La production d'huile d'olive apporte à l'environnement plus qu'elle ne lui prend
Les dernières études montrent que l'effet de puits de carbone des oliviers, tant au niveau de la biomasse que du sol, est bien supérieur aux émissions de gaz à effet de serre générées par leur culture.
Les études scientifiques qui établissent des liens solides entre l’huile d’olive vierge extra et la santé humaine ne cessent de se multiplier, et la lettre d’information de juin 2016 du Conseil oléicole international (COI) fait état d’un autre avantage mutuellement bénéfique, cette fois-ci pour l’environnement.
Notre message pourrait être que l'huile d'olive est à la fois bonne pour la santé et pour l'environnement.
Les dernières recherches indiquent que la production d’huile d’olive dans son ensemble rend à l’écosystème plus qu’elle ne lui prend. « Nous disposons désormais de preuves montrant que lorsque des pratiques agricoles appropriées sont adoptées, l’effet de puits de carbone (ou séquestration du carbone) des oliviers dans la biomasse et le sol est bien supérieur aux émissions de gaz à effet de serre générées par la production d’une unité (un litre d’huile d’olive vierge ou d’huile d’olive extra vierge) », indique le rapport.
Les membres du Conseil prévoient de rédiger une proposition de conférence sur l’effet de puits de carbone des oliviers, qui sera présentée lors de la COP22, une conférence des Nations unies consacrée au changement climatique qui se tiendra à Marrakech en novembre.
Le fait que la protection de cette culture et la consommation de son huile soient bénéfiques pour l’environnement fait de leur existence même un allié dans la lutte contre le changement climatique. C’est « précisément le message que le COI souhaite faire passer », a déclaré le COI. « Notre message pourrait être que “l’huile d’olive est à la fois bonne pour la santé et bonne pour l’environnement” ».
La proposition sera rédigée lors de la prochaine réunion du COI à Hammamet, en Tunisie. La 27e réunion extraordinaire débutera le 11 juillet.
Le conseil a salué la Tunisie en tant que membre fondateur actif et précieux du COI, contribuant depuis 60 ans à la recherche et au développement dans le domaine de la chimie de l’huile d’olive. La Tunisie, aux côtés de la Belgique, de la France, de la Grèce, d’Israël, de l’Italie, de la Libye, du Maroc, du Portugal, de l’Espagne et du Royaume-Uni, est signataire du premier Accord international sur l’huile d’olive, rédigé en 1959.

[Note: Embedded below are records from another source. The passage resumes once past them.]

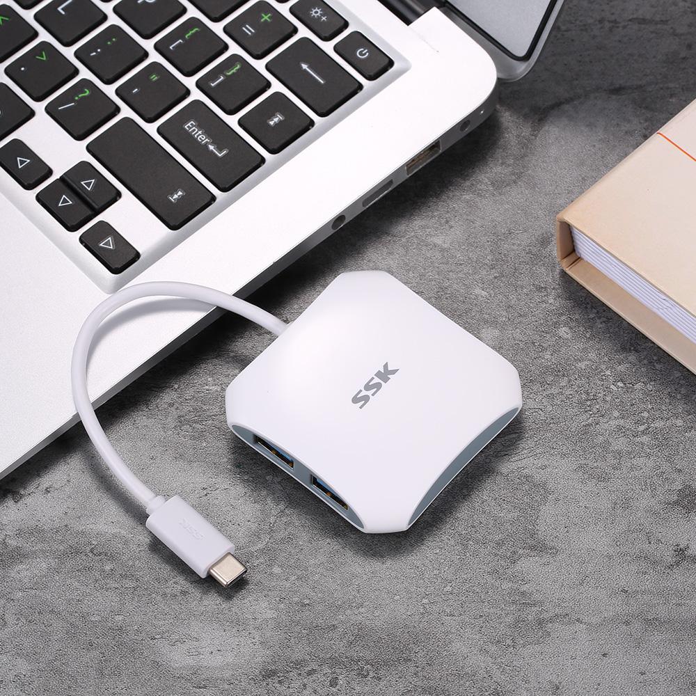SSK USB hub has extended 4 USB 3.0 ports which provide high data transfer speeds up to 5Gbp/s. Its type-C cable as long as 15cm, plug and play. No driver and adapter required, strong power
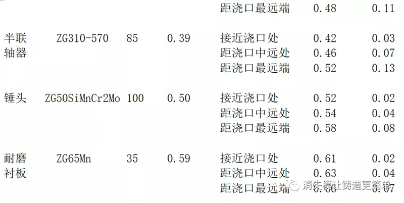 試驗材料為汽車、工程機械、煤礦機械和破碎機械用消失模鑄鋼件及中頻爐熔煉的原鋼水,材質(zhì)為C<0.65%的鑄造碳鋼和低合金鋼,其中有形狀較復雜和壁厚較大的鑄件,也有形狀相對簡單的板類和筒狀鑄件。
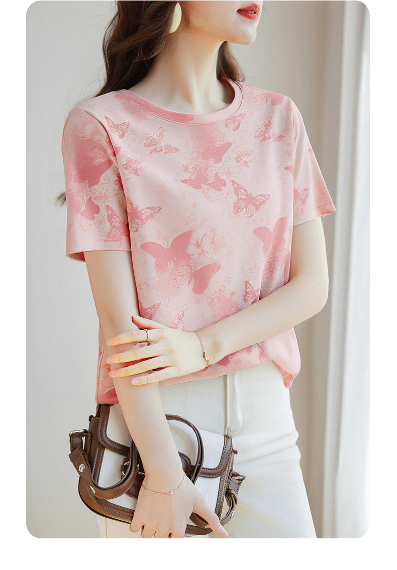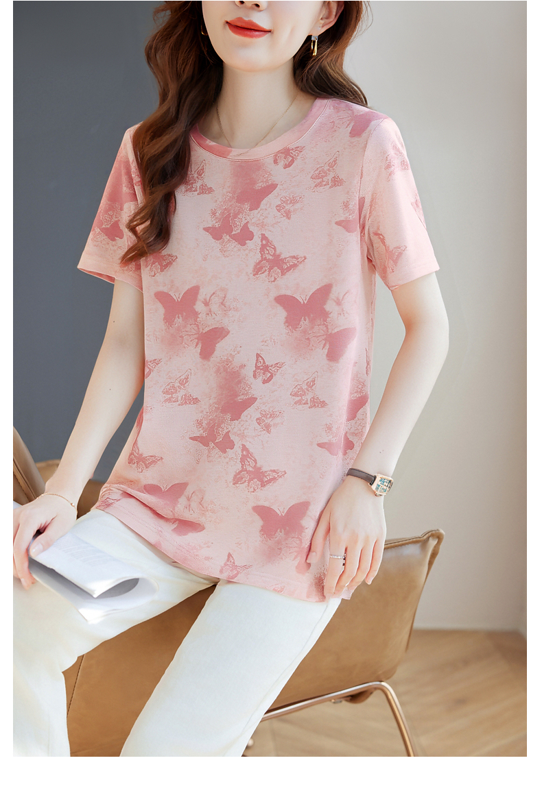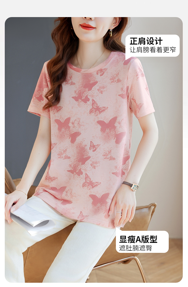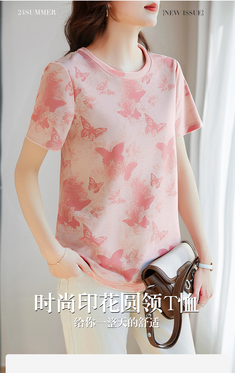 冰丝短袖t恤女士夏装新款时尚洋气小衫大码印花上衣中长款打底衫
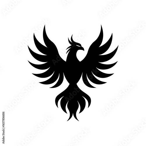 © Dhanopati, Fototapeta premium Black phoenix rising on transparent background silhouette
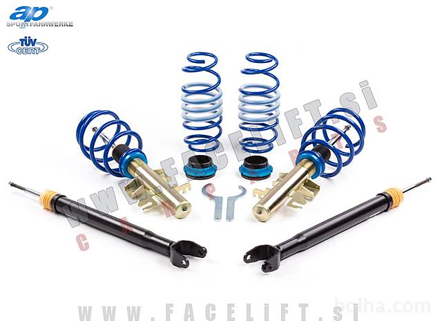 Nastavljivo vzmetenje (gewinde) AP. Vzmetenje je novo, z garancijo. Komplet vsebuje štiri amortizerje, štiri vzmeti in ključ za nastavitev višine.
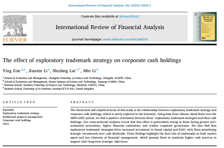 近日,我院2020级工商管理学博士生邹颖与导师黎建新教授以及另外两位校外作者合作撰写的论文“The effect of exploratory trademark strategy on corporate cash holdings”(探索性商标战略对公司现金持有的影响)在国际知名学术期刊《International Review of Financial Analysis》(国际金融分析评论)(2025, Volume 102)刊发,论文第一署名单位为LETOU体育平台,该文数字对象标识码(DOI):10.1016/j.irfa.2025.104013。
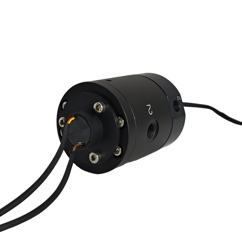 同步传输气体/与电力/信号,在设备旋转部分与固定部分之间建立双通道连接:传输气体如压缩空气、氮气、真空负压等,用于驱动气动元件(气缸、气动夹具)、吹扫清洁或真空吸附。
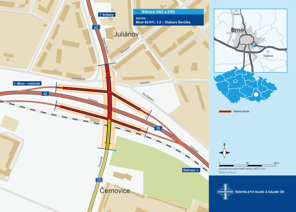 ŘSD vybralo zhotovitele stavby “I/42 Brno, most Otakara Ševčíka přes Ostravskou ulici”, kterým je sdružení OHLA ŽS, a.s. a Metrostav TBR a.s. za nabídkovou cenu 419,993 mil. Kč. Stavba je realizována v režimu D&B a zahájení realizace stavby plánujeme letos v říjnu.
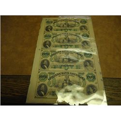 SCARCE UNCUT SHEET OF 4-1857 LOUISIANA $5 OBSOLETE
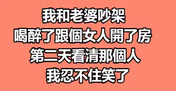 我和老婆吵架,喝醉了跟個女人開了房,第二天看清那個人,我忍不住笑了……

Oliveraies à Takrouna, en Tunisie
Aujourd’hui, le pays possède la deuxième plus grande superficie oléicole au monde après l’Espagne, avec quelque 800 millions d’oliviers représentant pas moins de seize pour cent de la superficie mondiale consacrée à l’olivier.
« La culture de l'olivier est l'une des principales activités agricoles de la Tunisie. Elle joue un rôle social et économique fondamental, étant donné que 60 % des agriculteurs du pays travaillent dans ce secteur et en tirent tout ou partie de leurs revenus », indique la lettre d'information, soulignant également que le pays est le deuxième exportateur mondial après l'Union européenne.